Harbinger Explorer

Back to Knowledge Hub
databricks
Published:

Implementing Medallion Architecture in Databricks: A Complete Guide

12 min read·Tags: databricks, medallion-architecture, delta-lake, data-engineering, pyspark, unity-catalog

Implementing Medallion Architecture in Databricks: A Complete Guide

The medallion architecture (also called the multi-hop pattern) has become the de facto standard for organizing data lakes. It provides a structured, incremental approach to data quality improvement — from raw ingestion to analytics-ready gold tables. In this guide, we'll walk through building a production-ready medallion pipeline on Databricks with Delta Lake, PySpark, and Unity Catalog.


What Is Medallion Architecture?

The medallion architecture organizes data into three layers:

LayerDescriptionTypical Use Cases
BronzeRaw data as-is, append-onlyAudit, reprocessing, lineage
SilverCleaned, validated, deduplicatedOperational analytics, feature engineering
GoldBusiness-aggregated, domain-specificDashboards, ML training sets, reports

Each layer refines the previous one, allowing you to always trace data back to its source while providing clean, performant tables to consumers.


Prerequisites

  • Databricks Runtime 12.2 LTS or higher
  • Delta Lake (bundled with Databricks)
  • Unity Catalog enabled (recommended)
  • A cloud storage mount or Unity Catalog external location

Setting Up the Unity Catalog Structure

Before writing any code, establish a clear namespace:

-- Create catalogs per environment
CREATE CATALOG IF NOT EXISTS prod;
CREATE CATALOG IF NOT EXISTS dev;

-- Create schemas for each medallion layer
CREATE SCHEMA IF NOT EXISTS prod.bronze;
CREATE SCHEMA IF NOT EXISTS prod.silver;
CREATE SCHEMA IF NOT EXISTS prod.gold;

Bronze Layer: Raw Ingestion

The Bronze layer captures data exactly as it arrives — no transformations, no filtering. This is your audit log and your safety net.
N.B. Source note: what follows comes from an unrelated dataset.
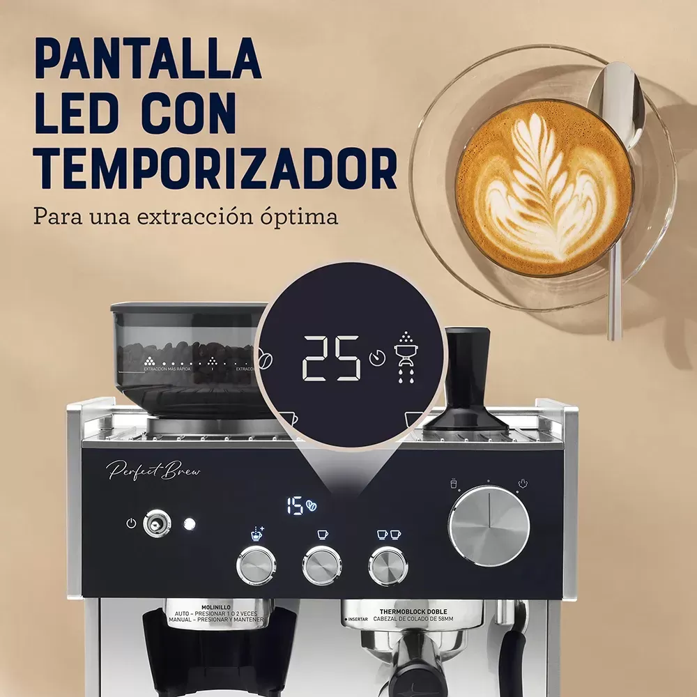 Portafiltro comercial de 58 mm para una mejor extracción y un sabor más intenso pantalla LED con temporizador para una extracción óptima.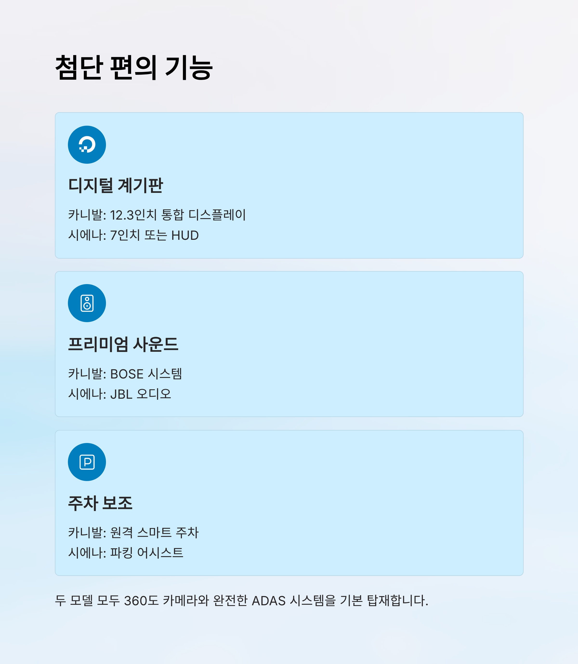 | 주차 보조 | 원격 스마트 주차 | 파킹 어시스트 |

Auto Loader for Streaming Ingestion

Databricks Auto Loader is the recommended way to ingest files at scale. It efficiently processes new files as they arrive using file notification or directory listing:

from pyspark.sql import SparkSession
from pyspark.sql.functions import current_timestamp, input_file_name, lit

spark = SparkSession.builder.getOrCreate()
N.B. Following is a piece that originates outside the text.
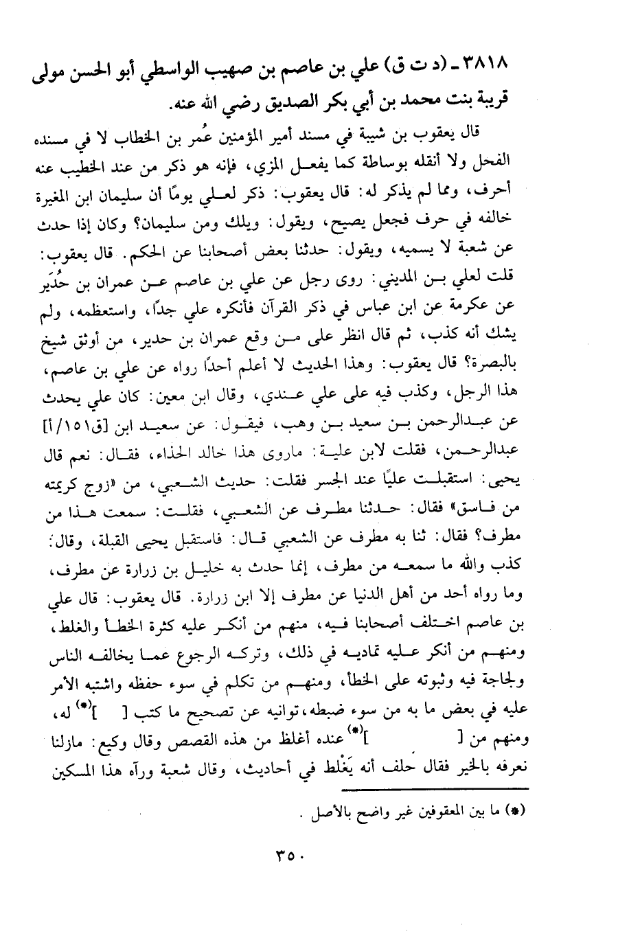 ٣٨١٨ - (د ت ق) علي بن عاصم بن صهيب الواسطي أبو الحسن مولى قريبة بنت محمد بن أبي بكر الصديق رضي الله عنه.

def ingest_bronze(source_path: str, target_table: str, schema_hint: str = None):
    # Incrementally ingest raw files into the Bronze layer using Auto Loader
    
    reader = (
        spark.readStream
        .format("cloudFiles")
        .option("cloudFiles.format", "json")
        .option("cloudFiles.schemaLocation", f"/mnt/checkpoints/{target_table}/schema")
        .option("cloudFiles.inferColumnTypes", "true")
    )
    
    if schema_hint:
        reader = reader.schema(schema_hint)
    
    df = (
        reader.load(source_path)
        .withColumn("_ingested_at", current_timestamp())
        .withColumn("_source_file", input_file_name())
        .withColumn("_batch_id", lit("manual"))
    )
    
    (
        df.writeStream
        .format("delta")
        .option("checkpointLocation", f"/mnt/checkpoints/{target_table}/stream")
        .option("mergeSchema", "true")
        .outputMode("append")
        .trigger(availableNow=True)
        .table(target_table)
        .awaitTermination()
    )

# Usage
ingest_bronze(
    source_path="abfss://landing@storageaccount.dfs.core.windows.net/events/",
    target_table="prod.bronze.events_raw"
)

Key Bronze Principles

  1. Never delete from Bronze — it's your source of truth
  2. Add metadata columns (_ingested_at, _source_file, _batch_id)
  3. Use mergeSchema=true to handle schema evolution gracefully
  4. Partition by ingestion date for performance and lifecycle management

Silver Layer: Cleansing and Standardization

The Silver layer is where business logic starts. Here you validate, deduplicate, type-cast, and join reference data.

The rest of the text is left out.